While this death is tragic, it’s essential to understand the context. This individual’s compromised immune system likely played a significant role in the severity of his illness. Additionally, there’s no evidence of human-to-human transmission of Alaskapox to date.

What Should You Do?

Here’s what you can do to stay informed and protect yourself:

  • Stay updated: Follow reliable sources like the Alaska Department of Health & Social Services and the CDC for the latest information.
  • Practice good hygiene: Wash your hands frequently, especially after contact with animals or the outdoors.
  • Be aware of symptoms: If you experience flu-like symptoms and develop skin lesions, consult your doctor, especially if you’ve had recent contact with small mammals.
  • Avoid unnecessary risk: If you work or spend time outdoors, consider wearing protective clothing and gloves when handling potentially infected animals.

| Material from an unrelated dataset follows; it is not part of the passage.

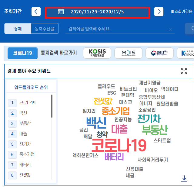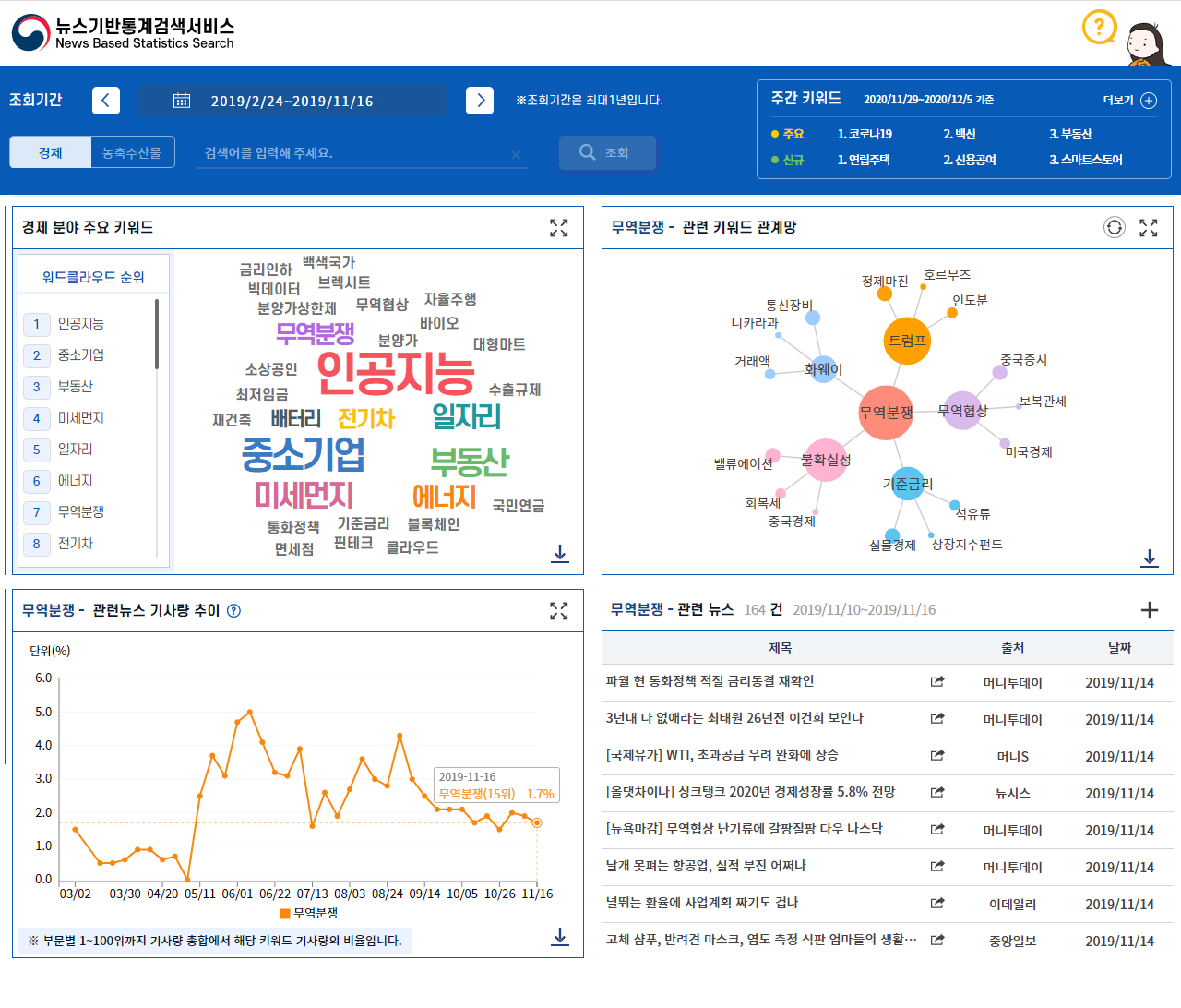 통계청에서는 "뉴스기반통계검색서비스"라는 시스템을 운영하고 있는데요, 온라인에서 수집한 뉴스 빅데이터를 기반으로 경제와 농축수산물 부문에 대한 키워드 분석 결과 및 통계 자료를 검색할 수 있는 기능을 제공한다고 합니다.

  • The risk of contracting Alaskapox for the general public remains low.
  • There’s currently no vaccine or specific treatment available, but supportive care can manage symptoms.
  • Continued research is crucial to understand the virus better and develop potential interventions.

By staying informed and practicing sensible precautions, we can navigate this situation responsibly and avoid unnecessary fear. If you have further questions or concerns, don’t hesitate to reach out to your healthcare provider.